A typical 80s holiday party might have included a buffet with a cheese ball and crackers, veggies and ranch dip, red and green Jello with marshmallows, and lots of other 80s delicacies like potato skins and mini quiche.
80s Christmas Clothes
For most of us, an 80s Christmas outfit wasn't all that different than the fun things we wore every day, but we definitely tried to use as much red and green as possible. If we were very lucky, we had a Christmas sweater or sweatshirt (think ugly Christmas sweater, even though no one called it that yet).
If you're going to an 80s Christmas party and want to look amazing, pair your Christmas sweatshirt with stirrup pants and put your hair in a side ponytail. Don't forget large plastic earrings in the shape of Christmas trees. We guarantee you'll be the best-dressed person there.
Night Shirts and Nightgowns on Christmas Morning
As we emerged from our bedrooms Christmas morning to see what Santa had left for us, most of us weren't wearing the PJ pants or joggers you see today. The 80s was the era of Little House on the Prairie, so old-fashioned flannel nightgowns were definitely a thing.
We also wore night shirts or sleep shirts, which were usually a solid color like white with a graphic on the front with Snoopy, Garfield, Ziggy, and other classic cartoon characters.
Limited-Edition Holiday Toys of the 80s
If we were really lucky, Santa brought us just what we wanted on Christmas morning. Under the tree, we'd find everything from Cabbage Patch Kids to roller skates or a boombox. But we might also have received a limited-edition Christmas toy.
There were special toys you could only get at Christmas, and each year, they were different. The holiday Barbie is a great example, with her beautiful Christmas dresses and accessories that changed every year (we weren't supposed to take her out of the box and destroy her value as a collectible, but we usually did).

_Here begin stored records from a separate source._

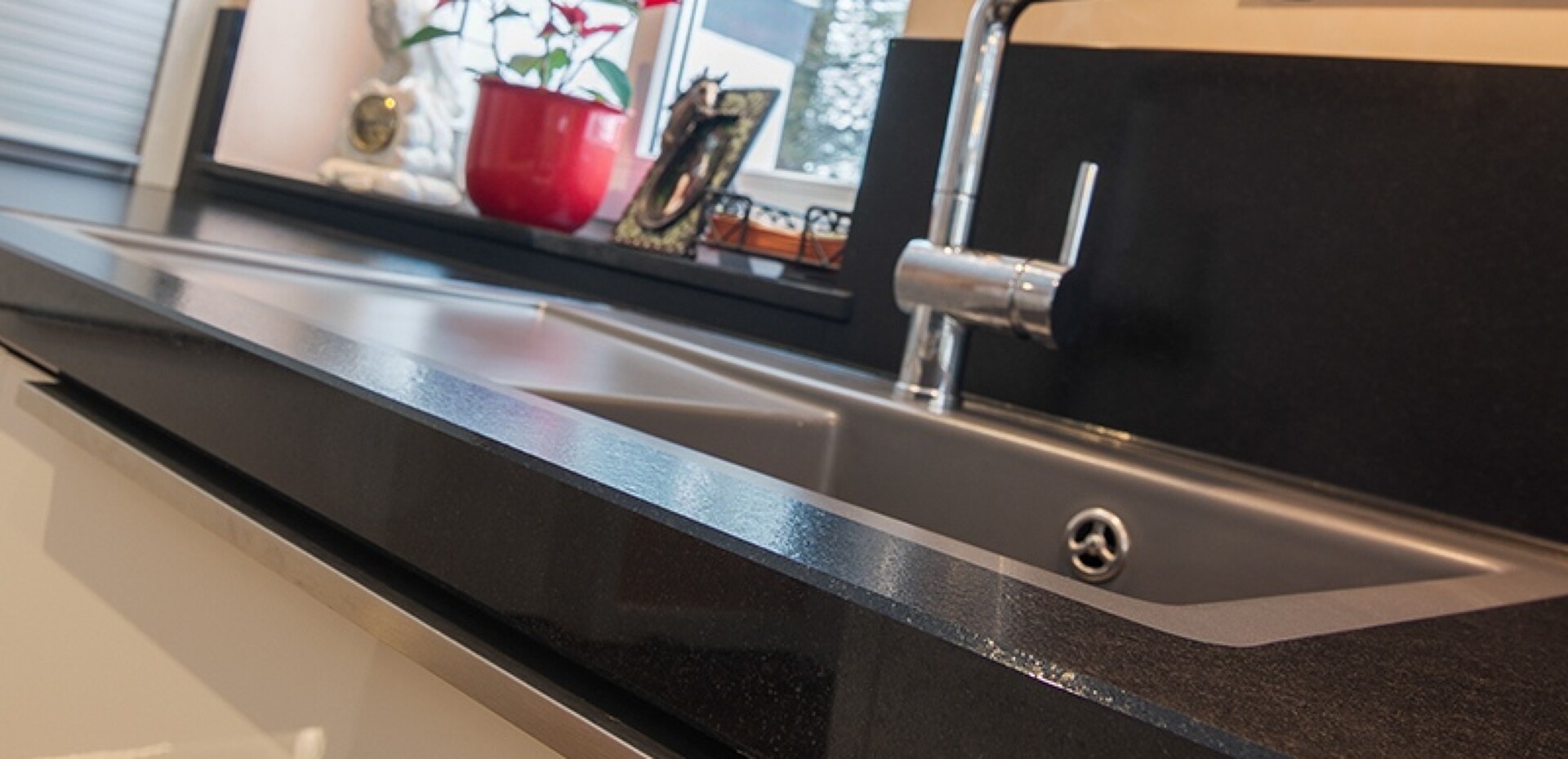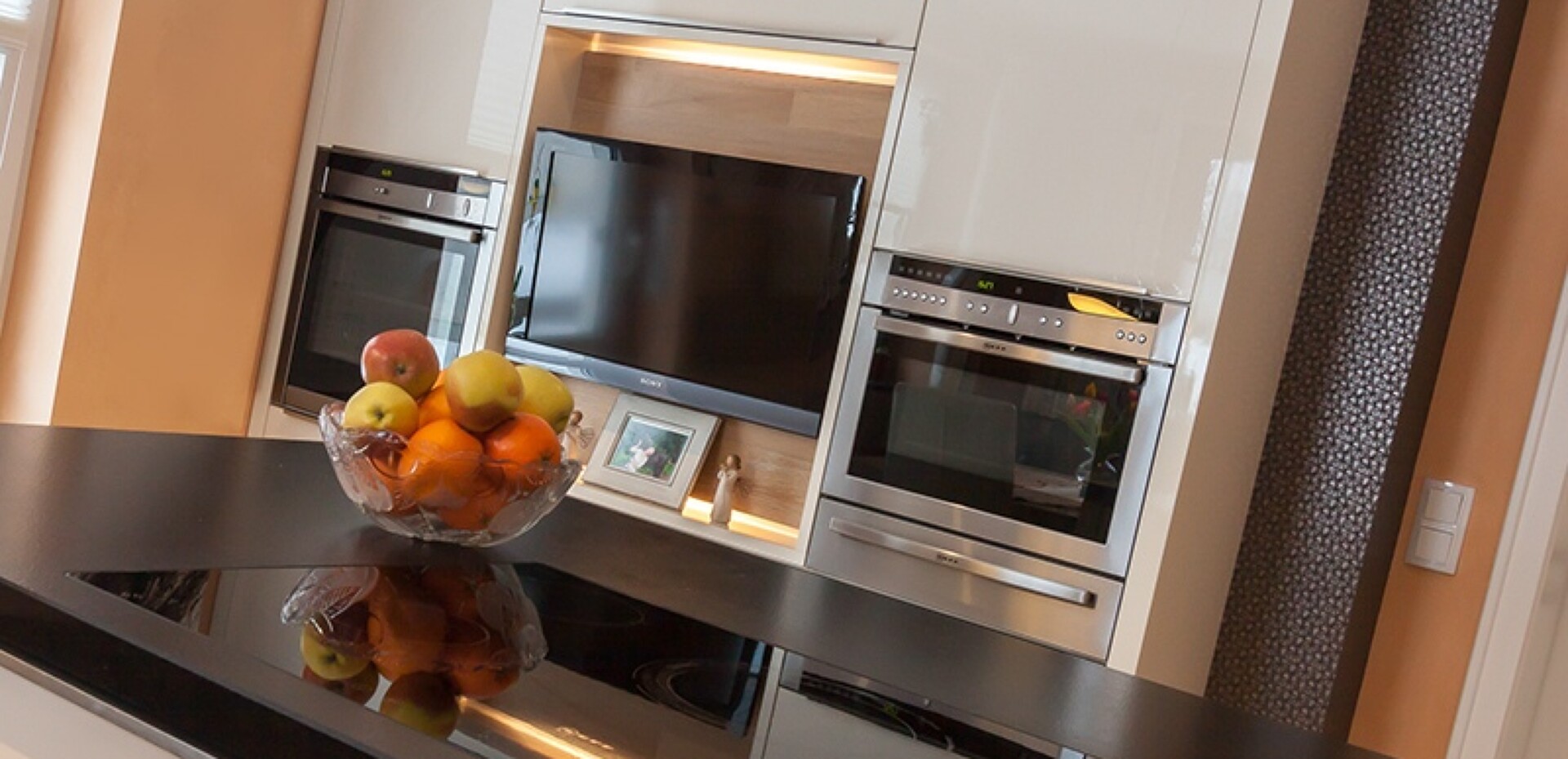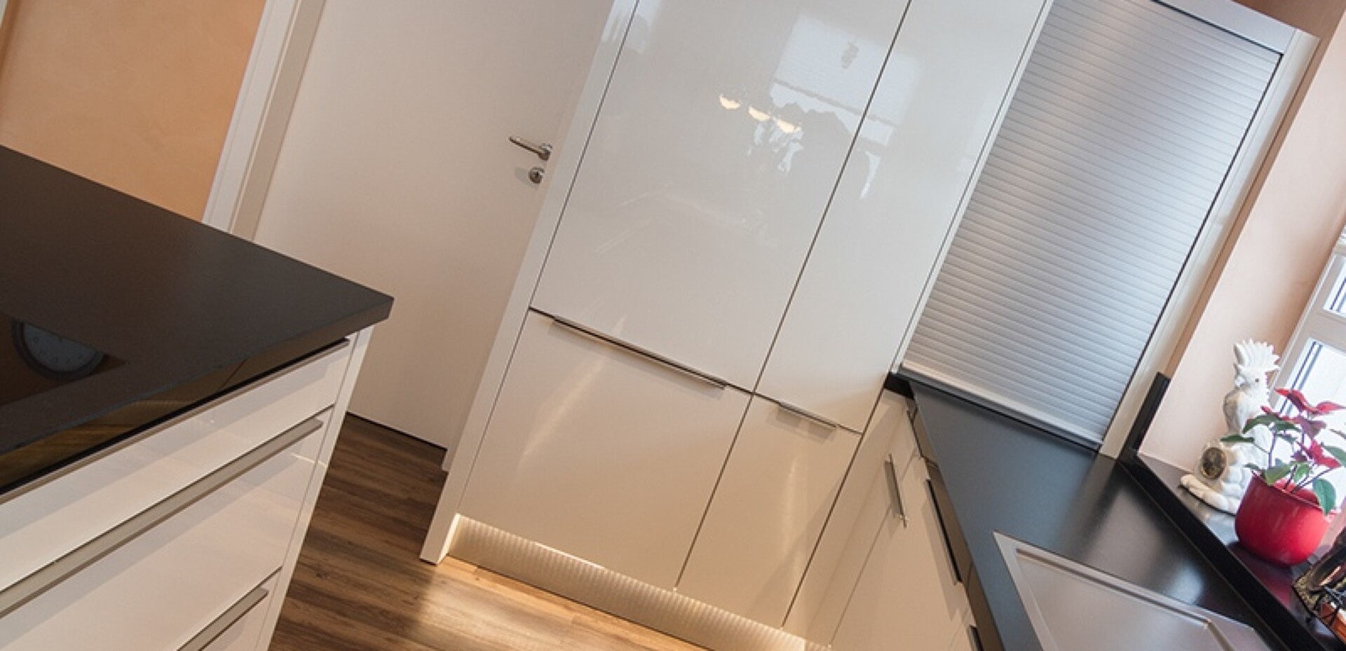 Viel Platz und eine große Kochinsel in Nero impala matt machen die Küche zeitlos, sachlich und elegant. Die Beleuchtung am Sockel sorgt abends für eine besondere Lichtstimmung.
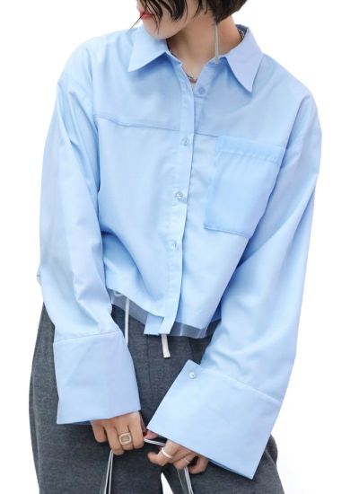 チュールがイヤードされたショート丈のシャツ。
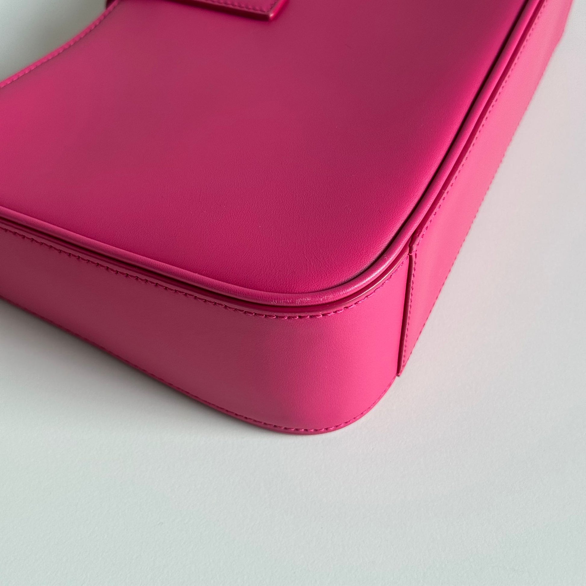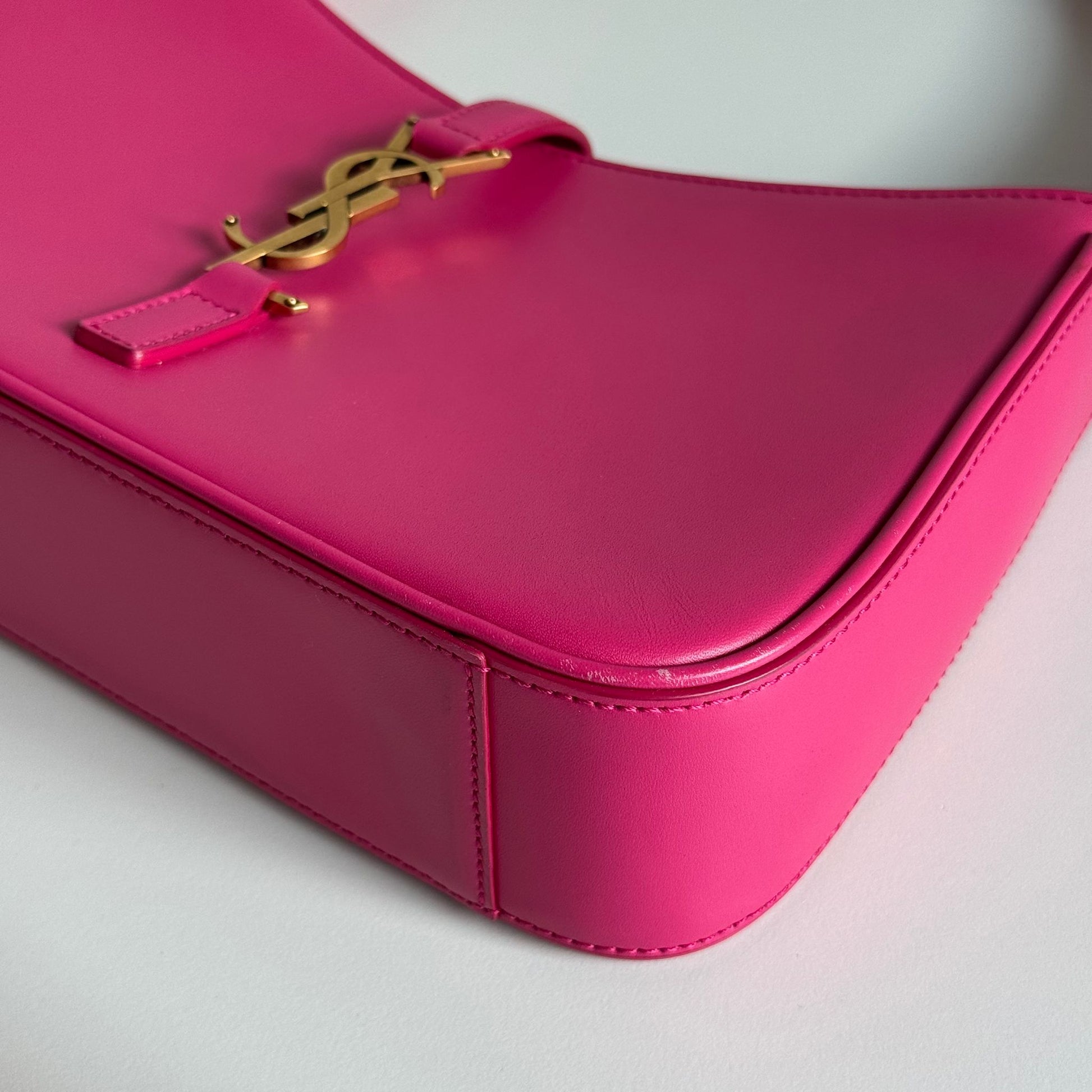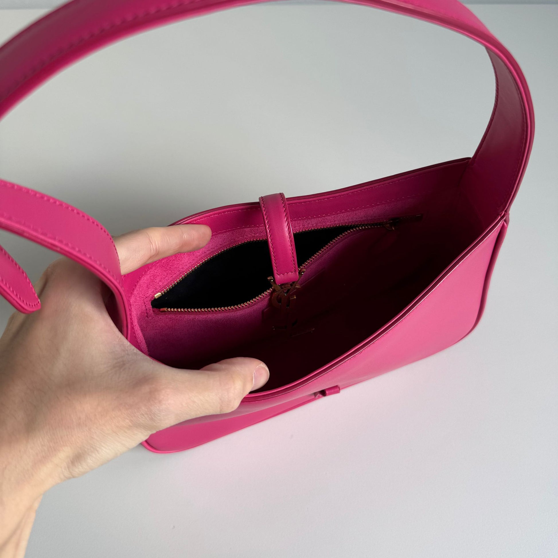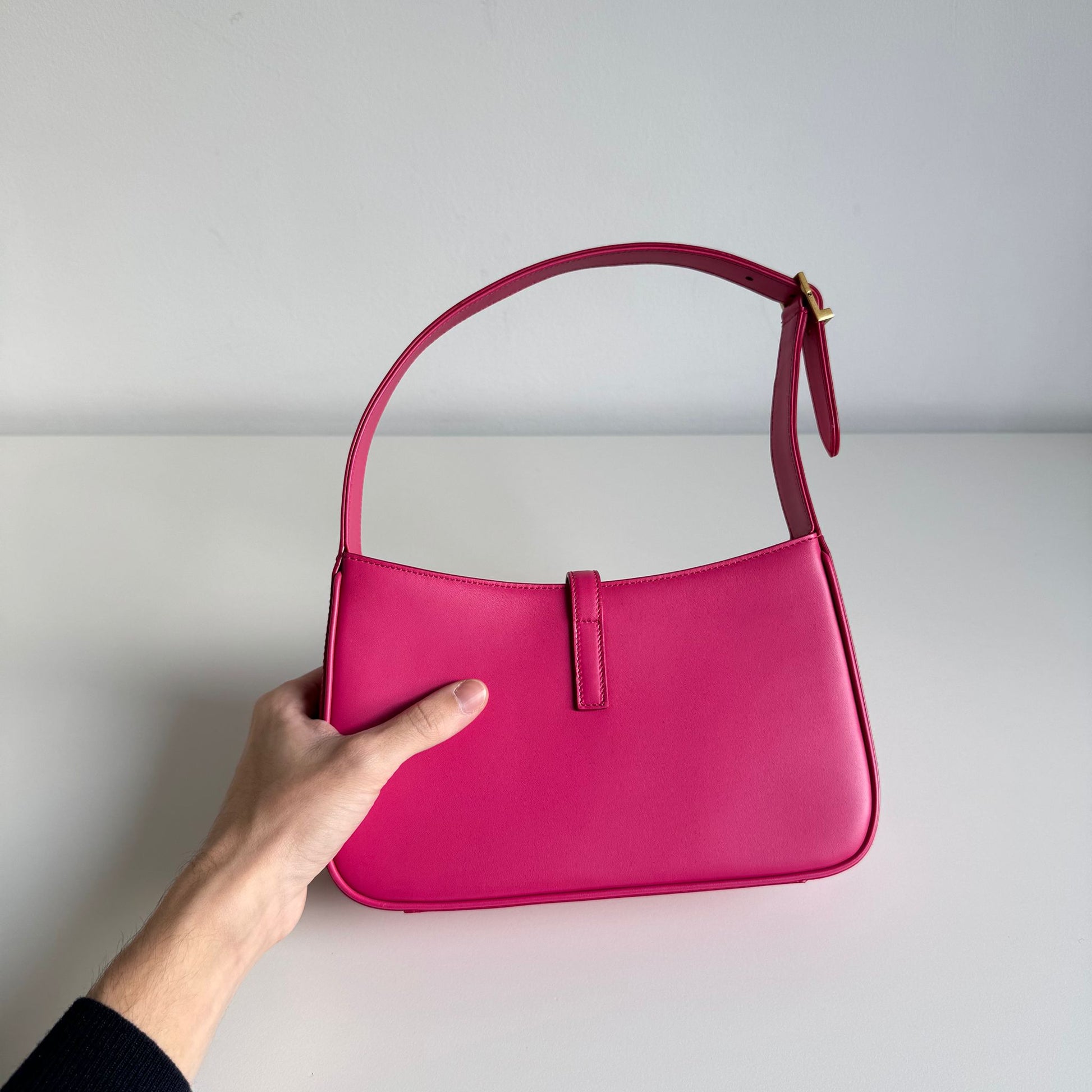 Meravigliosa borsa Saint Laurent modello Le 5 a 7 in pelle liscia fucsia (non fluo) e hardware oro.

The 80s Santa Bear was another adorable example. Sold during the holidays at department stores like Dayton's, these giant white teddy bears were dressed in holiday accessories and always had the year on them. My grandpa used to buy us one every year, and it was so exciting to see what the new one would look like.
So Many Wonderful Things About an 80s Christmas
One of the best things about an 80s Christmas was the way we just threw ourselves into celebrating. From the clothes to the toys, it was a bit over the top, but what could be more Christmas than that? If you want to have a Christmas from the very best decade, just put your heart into the celebration.